7. The method of coating a resin prism lens according to claim 6, further comprising, in the step S1:

adjusting the vacuum degree of the film plating machine to 3.0E ^-3 pa；

Adjusting the coating temperature of the coating machine to be between 90 and 100 ℃;

and adjusting the coating time of the coating machine to 60min.
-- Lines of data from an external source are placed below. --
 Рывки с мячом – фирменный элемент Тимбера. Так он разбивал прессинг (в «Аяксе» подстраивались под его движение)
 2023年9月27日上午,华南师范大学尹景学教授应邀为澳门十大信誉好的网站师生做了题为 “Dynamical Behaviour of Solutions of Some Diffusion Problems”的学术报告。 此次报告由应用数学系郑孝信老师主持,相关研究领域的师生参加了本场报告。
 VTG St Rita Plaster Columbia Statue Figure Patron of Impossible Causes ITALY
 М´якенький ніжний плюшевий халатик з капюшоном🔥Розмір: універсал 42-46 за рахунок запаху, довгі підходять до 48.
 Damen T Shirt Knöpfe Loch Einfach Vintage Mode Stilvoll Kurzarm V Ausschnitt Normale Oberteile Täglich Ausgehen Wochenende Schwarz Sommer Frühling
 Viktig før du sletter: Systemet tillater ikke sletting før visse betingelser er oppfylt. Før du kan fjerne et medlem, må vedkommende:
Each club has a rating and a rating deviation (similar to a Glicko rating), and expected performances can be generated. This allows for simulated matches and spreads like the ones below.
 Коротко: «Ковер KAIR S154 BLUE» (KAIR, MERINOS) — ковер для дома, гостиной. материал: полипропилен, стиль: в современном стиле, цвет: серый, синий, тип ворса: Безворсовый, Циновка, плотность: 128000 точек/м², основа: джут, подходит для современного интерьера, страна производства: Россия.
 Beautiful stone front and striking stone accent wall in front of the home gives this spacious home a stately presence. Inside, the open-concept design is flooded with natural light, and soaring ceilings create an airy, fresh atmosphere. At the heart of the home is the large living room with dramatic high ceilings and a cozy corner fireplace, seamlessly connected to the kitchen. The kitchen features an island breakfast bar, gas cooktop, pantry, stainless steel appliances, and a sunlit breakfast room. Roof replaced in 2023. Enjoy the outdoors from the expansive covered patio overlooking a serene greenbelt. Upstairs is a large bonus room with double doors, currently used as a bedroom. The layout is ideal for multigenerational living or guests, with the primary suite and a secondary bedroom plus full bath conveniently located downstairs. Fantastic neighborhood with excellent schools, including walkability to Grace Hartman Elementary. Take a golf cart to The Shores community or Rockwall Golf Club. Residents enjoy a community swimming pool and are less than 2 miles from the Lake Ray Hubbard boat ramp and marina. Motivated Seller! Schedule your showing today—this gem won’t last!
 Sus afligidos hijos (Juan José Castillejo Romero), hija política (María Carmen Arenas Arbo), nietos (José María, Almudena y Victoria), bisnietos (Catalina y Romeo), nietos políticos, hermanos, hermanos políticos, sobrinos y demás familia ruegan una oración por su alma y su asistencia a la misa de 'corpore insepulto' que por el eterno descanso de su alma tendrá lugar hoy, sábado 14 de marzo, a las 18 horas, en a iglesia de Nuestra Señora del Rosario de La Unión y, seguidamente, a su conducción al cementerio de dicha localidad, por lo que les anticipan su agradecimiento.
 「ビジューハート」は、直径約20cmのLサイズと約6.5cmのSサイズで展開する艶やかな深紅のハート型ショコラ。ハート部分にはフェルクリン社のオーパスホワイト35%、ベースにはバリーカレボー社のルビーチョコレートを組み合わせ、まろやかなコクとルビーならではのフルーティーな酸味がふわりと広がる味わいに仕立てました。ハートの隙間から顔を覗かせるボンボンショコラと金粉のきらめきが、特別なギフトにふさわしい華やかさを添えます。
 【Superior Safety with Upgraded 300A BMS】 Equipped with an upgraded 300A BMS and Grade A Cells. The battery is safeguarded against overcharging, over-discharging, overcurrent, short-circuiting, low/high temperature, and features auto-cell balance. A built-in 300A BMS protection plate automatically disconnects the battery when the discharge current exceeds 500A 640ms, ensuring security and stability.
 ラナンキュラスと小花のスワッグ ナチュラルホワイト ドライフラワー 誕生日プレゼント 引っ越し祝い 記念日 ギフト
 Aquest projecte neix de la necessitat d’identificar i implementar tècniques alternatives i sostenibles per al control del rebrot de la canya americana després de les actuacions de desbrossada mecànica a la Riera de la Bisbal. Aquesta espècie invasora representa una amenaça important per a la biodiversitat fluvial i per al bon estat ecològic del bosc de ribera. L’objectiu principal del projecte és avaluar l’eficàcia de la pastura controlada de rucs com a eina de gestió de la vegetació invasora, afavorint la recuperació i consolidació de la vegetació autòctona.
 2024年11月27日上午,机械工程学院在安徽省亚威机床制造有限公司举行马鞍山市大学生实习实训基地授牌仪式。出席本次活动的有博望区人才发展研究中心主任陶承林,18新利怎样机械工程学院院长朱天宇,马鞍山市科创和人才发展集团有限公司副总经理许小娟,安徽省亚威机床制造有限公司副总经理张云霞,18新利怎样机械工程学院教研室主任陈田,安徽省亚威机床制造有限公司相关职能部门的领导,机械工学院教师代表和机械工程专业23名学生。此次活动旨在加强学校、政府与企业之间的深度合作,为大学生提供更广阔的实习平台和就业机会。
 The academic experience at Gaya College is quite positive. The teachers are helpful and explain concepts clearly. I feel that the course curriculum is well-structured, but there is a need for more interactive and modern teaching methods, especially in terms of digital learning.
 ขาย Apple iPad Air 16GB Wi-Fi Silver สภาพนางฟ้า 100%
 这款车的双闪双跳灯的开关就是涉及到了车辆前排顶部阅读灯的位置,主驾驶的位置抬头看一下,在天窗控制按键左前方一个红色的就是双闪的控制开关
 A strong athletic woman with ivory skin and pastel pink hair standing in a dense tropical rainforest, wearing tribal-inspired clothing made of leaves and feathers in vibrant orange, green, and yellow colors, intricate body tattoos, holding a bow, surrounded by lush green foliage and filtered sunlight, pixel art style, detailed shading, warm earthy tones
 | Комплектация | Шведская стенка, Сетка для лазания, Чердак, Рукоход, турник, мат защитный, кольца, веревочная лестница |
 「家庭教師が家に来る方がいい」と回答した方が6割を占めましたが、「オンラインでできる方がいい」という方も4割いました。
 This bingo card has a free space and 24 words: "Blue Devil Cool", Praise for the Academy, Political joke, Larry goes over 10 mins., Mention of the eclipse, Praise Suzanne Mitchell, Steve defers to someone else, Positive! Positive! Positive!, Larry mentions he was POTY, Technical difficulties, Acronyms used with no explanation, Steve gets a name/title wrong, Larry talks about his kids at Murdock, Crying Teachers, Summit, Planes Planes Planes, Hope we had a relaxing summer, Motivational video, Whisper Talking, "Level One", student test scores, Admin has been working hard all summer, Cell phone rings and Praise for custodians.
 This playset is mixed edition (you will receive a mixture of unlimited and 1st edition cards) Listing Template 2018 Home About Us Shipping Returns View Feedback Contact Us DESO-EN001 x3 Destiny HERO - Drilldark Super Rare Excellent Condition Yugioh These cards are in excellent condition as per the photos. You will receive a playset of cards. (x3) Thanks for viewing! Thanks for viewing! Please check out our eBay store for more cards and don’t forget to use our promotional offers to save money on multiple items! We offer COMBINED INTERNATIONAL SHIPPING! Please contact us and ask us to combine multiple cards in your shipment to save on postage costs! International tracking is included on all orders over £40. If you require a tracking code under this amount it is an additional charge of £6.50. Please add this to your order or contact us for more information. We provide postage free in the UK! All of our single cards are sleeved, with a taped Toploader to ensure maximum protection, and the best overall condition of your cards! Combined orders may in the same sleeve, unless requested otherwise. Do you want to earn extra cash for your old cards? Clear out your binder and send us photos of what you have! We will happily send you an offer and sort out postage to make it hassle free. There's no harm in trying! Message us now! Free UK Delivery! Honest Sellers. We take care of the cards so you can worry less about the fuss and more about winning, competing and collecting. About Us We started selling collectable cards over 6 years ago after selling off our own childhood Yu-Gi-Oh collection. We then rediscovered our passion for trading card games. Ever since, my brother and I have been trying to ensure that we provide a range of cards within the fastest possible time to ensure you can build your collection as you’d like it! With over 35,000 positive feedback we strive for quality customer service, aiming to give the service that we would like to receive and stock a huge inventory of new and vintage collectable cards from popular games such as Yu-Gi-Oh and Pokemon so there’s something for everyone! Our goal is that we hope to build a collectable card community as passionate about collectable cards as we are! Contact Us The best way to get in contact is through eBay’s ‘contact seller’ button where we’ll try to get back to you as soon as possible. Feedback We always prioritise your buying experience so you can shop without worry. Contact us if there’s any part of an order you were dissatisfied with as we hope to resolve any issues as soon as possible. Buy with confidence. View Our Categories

8. The method of coating a resin prism lens according to claim 6, further comprising, in the step S2:

adjusting the ion source using power of the film plating machine to be 800/800/600;

adjusting the oxygenation flow rate of 60SCCM of the film plating machine;

the deposition rate of the coating machine is adjusted to 0.3nm/s to form a coating environment for the first sub-layer (20).

9. The method of coating a resin prism lens according to claim 6, further comprising, in the step S3:

adjusting the ion source use power of the film plating machine to 300/600/600;

adjusting the oxygenation flow rate of 10SCCM of the film plating machine;

the deposition rate of the coating machine is adjusted to 0.5nm/s to form a coating environment for the second subset layer (30).

10. A tele camera comprising the resin prism lens of any one of claims 1 to 5.